**WORK TO BE COMPLETED**
Reprint the lines below as they are, minus the pictures.

Segment Start: COLLECTED DATA

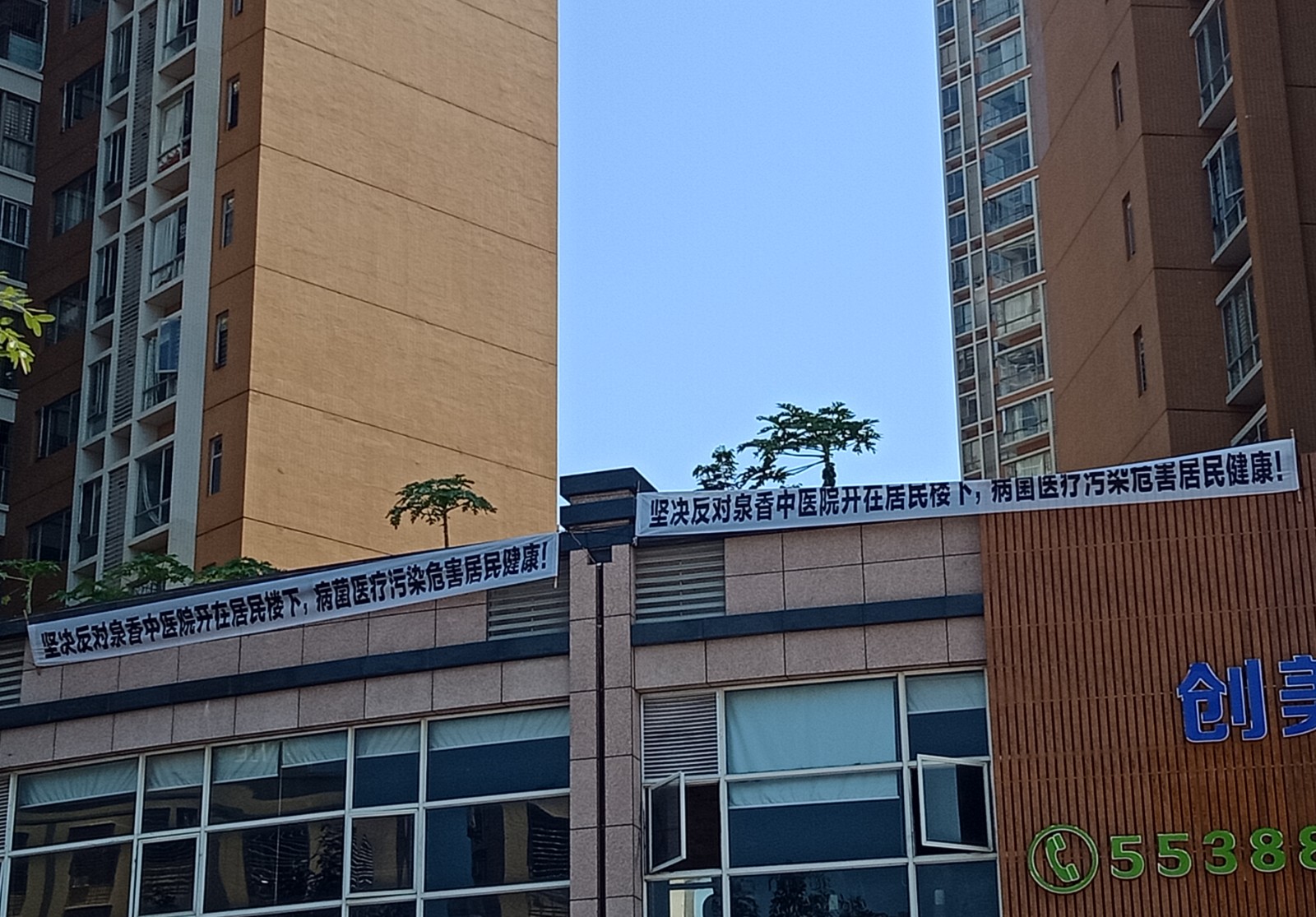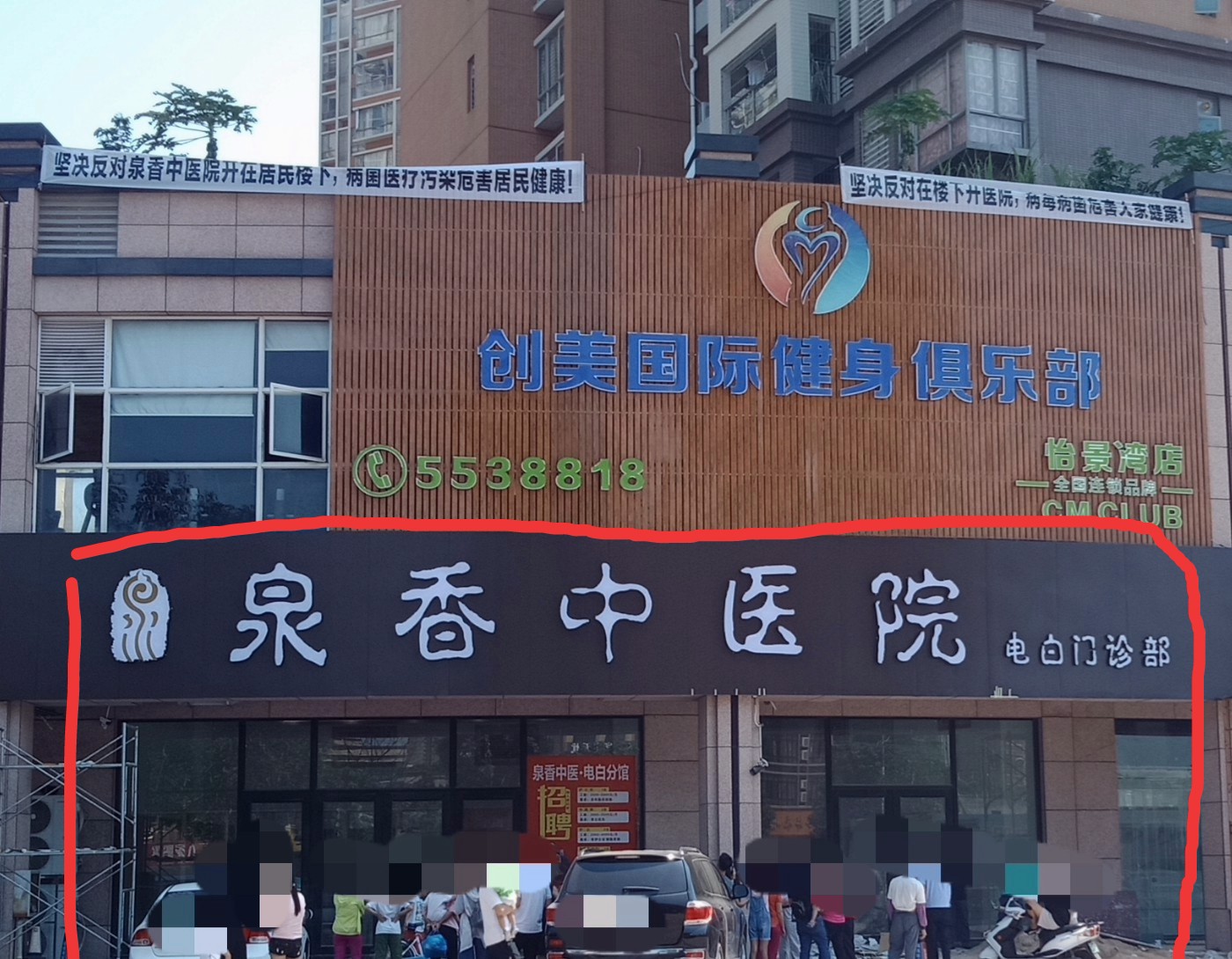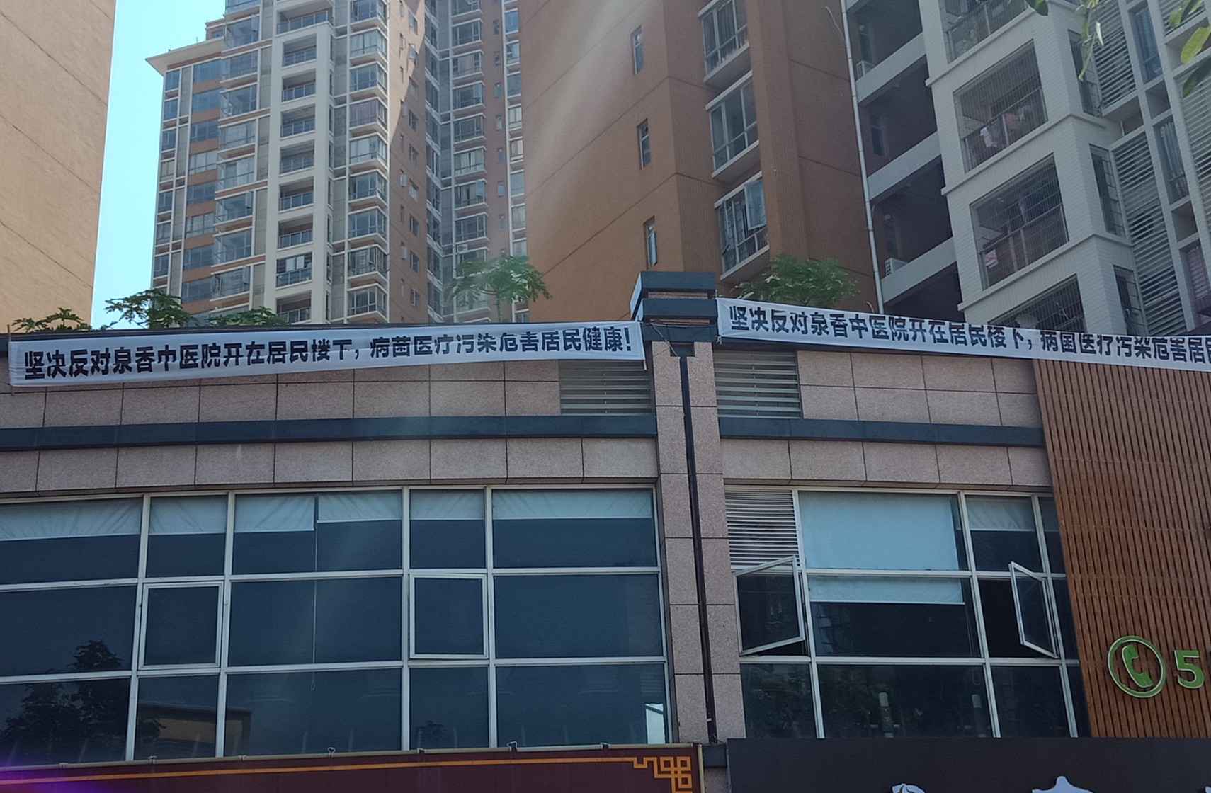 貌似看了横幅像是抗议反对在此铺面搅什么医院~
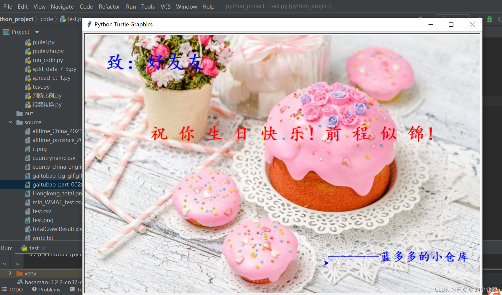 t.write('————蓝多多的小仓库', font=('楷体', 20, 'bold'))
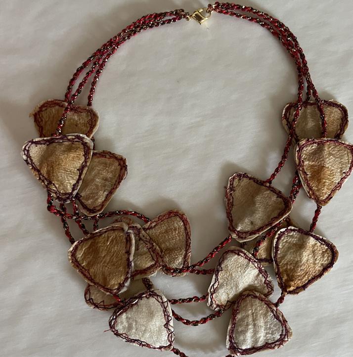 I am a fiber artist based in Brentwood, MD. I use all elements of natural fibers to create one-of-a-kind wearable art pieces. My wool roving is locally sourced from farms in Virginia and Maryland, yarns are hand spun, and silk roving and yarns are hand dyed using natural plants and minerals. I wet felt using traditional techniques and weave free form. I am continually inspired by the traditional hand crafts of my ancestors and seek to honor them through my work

Segment End: COLLECTED DATA

**ANSWER TO THIS TASK**
 貌似看了横幅像是抗议反对在此铺面搅什么医院~
 t.write('————蓝多多的小仓库', font=('楷体', 20, 'bold'))
 I am a fiber artist based in Brentwood, MD. I use all elements of natural fibers to create one-of-a-kind wearable art pieces. My wool roving is locally sourced from farms in Virginia and Maryland, yarns are hand spun, and silk roving and yarns are hand dyed using natural plants and minerals. I wet felt using traditional techniques and weave free form. I am continually inspired by the traditional hand crafts of my ancestors and seek to honor them through my work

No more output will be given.